Data and model weights
Automatic download
PrexSyn will automatically download the preprocessed chemical space data and trained model checkpoints upon first use.
You can trigger the download by running the following example:
The output should look like this:
[PrexSyn All-in-One Loader]
- Model name: Enamine US Oct 2023 + Rxn115
- Config path: data/trained_models/enamine2310_rxn115_202511.yml
- Checkpoint path: data/trained_models/enamine2310_rxn115_202511.ckpt
- Chemspace path: data/chemical_spaces/enamine2310_rxn115.chemspace
- Description:
> Enamine Rush Delivery Building Blocks (US) Oct 2023, initially used in ChemProjector model.

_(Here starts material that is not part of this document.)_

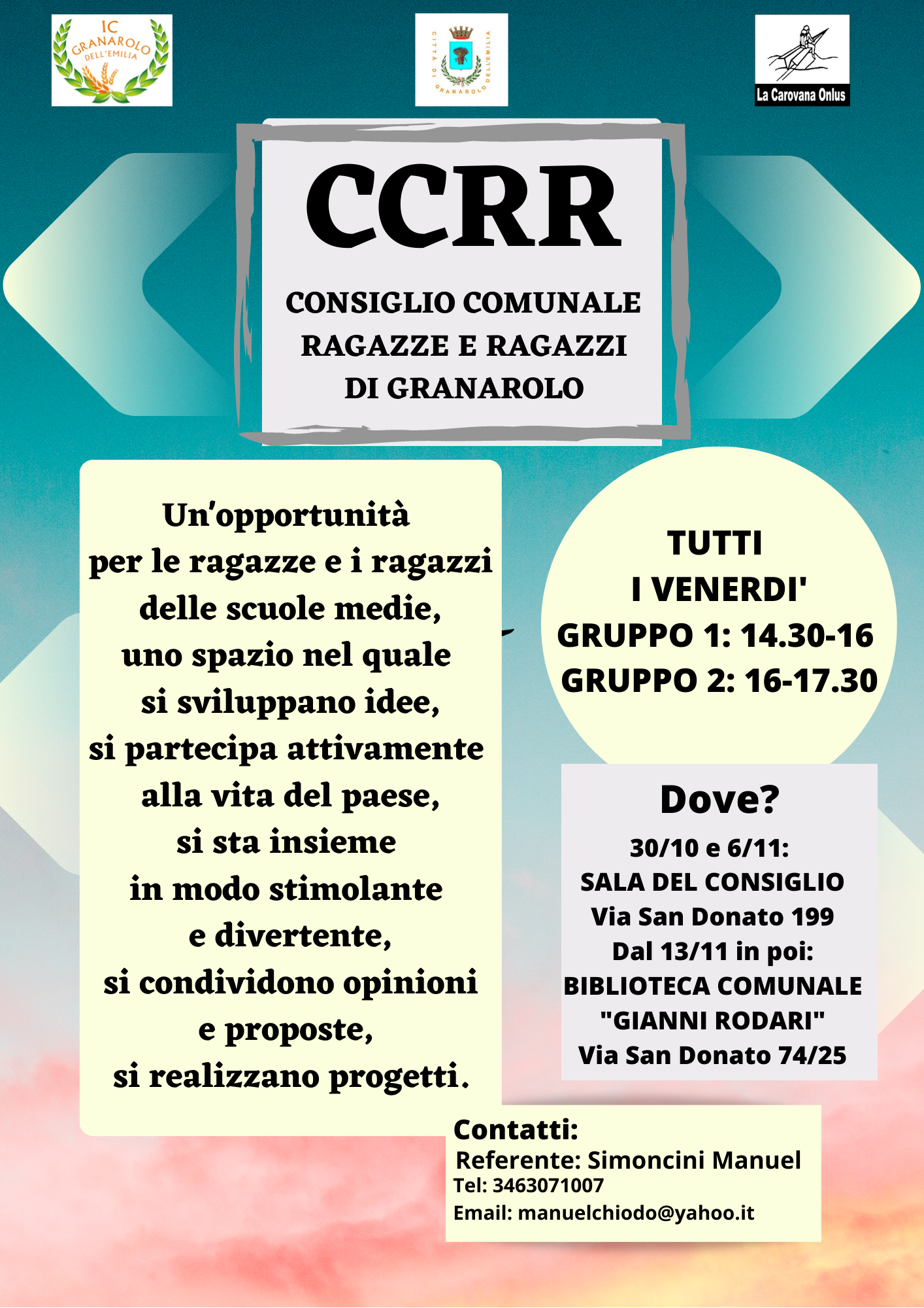 🙋🙋♀️ venerdì 30 ottobre si riunisce il CCRR, consiglio comunale delle ragazze e dei ragazzi che frequentano le scuole medie.

> Rxn115 (115 reactions) template set.
> Model released in November 2025. This is the model used in the paper.
Downloading chemical space: 100%|███████████| 1.08G/1.08G [00:01<00:00, 896MB/s]
Downloading checkpoint: 100%|███████████████| 2.29G/2.29G [00:02<00:00, 773MB/s]
[2026-04-07 10:11:07.517] [prexsyn] [info] Deserializing chemical space...
[2026-04-07 10:11:07.517] [prexsyn] [info] - Serialization version: 1
[2026-04-07 10:11:07.517] [prexsyn] [info] - Sizes: 223243 building blocks, 115 reactions, 349117 intermediates
[2026-04-07 10:11:30.750] [prexsyn] [info] - Building block library deserialized. Size: 223243
[2026-04-07 10:11:30.759] [prexsyn] [info] - Reaction library deserialized. Size: 115
[2026-04-07 10:12:06.338] [prexsyn] [info] - Intermediate library deserialized. Size: 349117
[2026-04-07 10:12:06.448] [prexsyn] [info] - Reactant-building block mapping deserialized. Matches: 4509428
[2026-04-07 10:12:06.617] [prexsyn] [info] - Reactant-intermediate mapping deserialized. Matches: 8821093
- Target: COc1ccc(-c2ccnc(Nc3ccccc3)n2)cc1
Similarity: 1.0
SMILES: COc1ccc(-c2ccnc(Nc3ccccc3)n2)cc1
Reaction: RXN_104
Precursors:
- R0:
SMILES: Brc1ccccc1
BuildingBlock: EN300-19359
R1:
SMILES: COc1ccc(-c2ccnc(N)n2)cc1
BuildingBlock: EN300-186470
...
Manual download (not recommended)
The preprocessed chemical space data and trained model checkpoints are hosted on Hugging Face: https://huggingface.co/datasets/luost26/prexsyn-data/tree/main. You can download them manually and place them in the data/ directory of the project.
This is not recommended since the data repository contains old versions of the data and checkpoint files that are no longer used by the current codebase. The automatic download mechanism will ensure that you get the correct and up-to-date files.